Just days before the season was wiped out, the players' association said for the first time it would accept a salary cap if the league dropped its desire to link player costs to revenues.
That started a wild week that included the cancellation of the season Feb. 16 and a false hope three days later that it would be saved. Even Wayne Gretzky and Mario Lemieux -- superstars turned executives -- couldn't resurrect it during an emergency bargaining session in New York.
Negotiations resumed in mid-March.
Bettman promised "cost certainty" in the form of a hard salary cap to the owners, and he has gotten it.
The landscape of the NHL will be quite different than it was in June 2004, when the Tampa Bay Lightning skated off with the Stanley Cup in the league's last game before the lockout.
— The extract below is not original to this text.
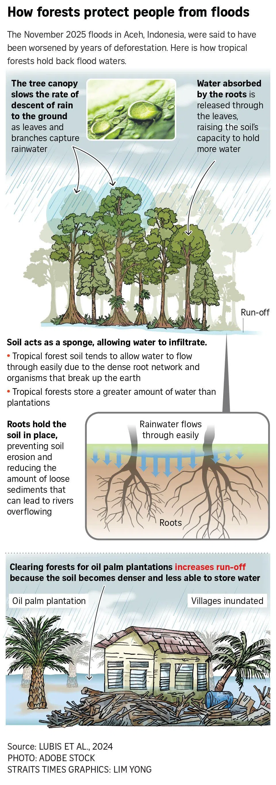 - An NTU study led by Dr Lubis (PLOS One) found flood-prone Aceh areas had fewer trees, more palm oil, and higher poverty, with over 2,000 floods between 2011-2018.

For the first time since a flu epidemic in 1919, there was no Stanley Cup champion in 2005.
When the league relaunches in the fall, it will do so with a new salary structure that keeps high-spending teams such as Detroit, Toronto, Philadelphia and the New York Rangers in check.
The first order of business after ratification will be to get a majority of the players signed. The belief is that last season's contracts will be wiped from the books, leaving many players without deals.
Those who are still under contract will have their salaries reduced by 24 percent, a concept first proposed by the union last December. Some high-priced players will also be on the market as teams pare payrolls to get down to the cap.
Even with the salary rollback, nine teams would've been over the cap based on payrolls at the end of the 2003-04 season.
There will also be rules changes, some that could include the size of goaltender equipment to a shootout to eliminate tie games.
"Our focus right now, from the coaches' standpoint, is we're waiting to see what our roster is going to look like and what the playing rules are going to look like," Hitchcock said.
The draft was supposed to be held last month in Ottawa, and the Canadian capital might get to host the event soon.
Junior hockey phenom Sidney Crosby is the consensus choice to be the No. 1 pick. Where he goes will be determined by a weighted draft lottery that will give each team some opportunity to snag him.
NBC will start its two-year television deal a year late, but the NHL still needs to find a cable partner.
"We are thrilled for the fans that hockey is returning to the ice, and we're delighted to be the network television partner of the NHL as it moves into what I believe will be an exciting new era," NBC Sports chairman Dick Ebersol said.
The deal finally came during sport's biggest lull of the year -- the baseball All-Star break.
The NHL probably won't hold such an event until 2007. Next year's All-Star Game is expected to be replaced by an Olympic break, allowing for players to represent their countries in Turin, Italy.
Information from The Associated Press was used in this report.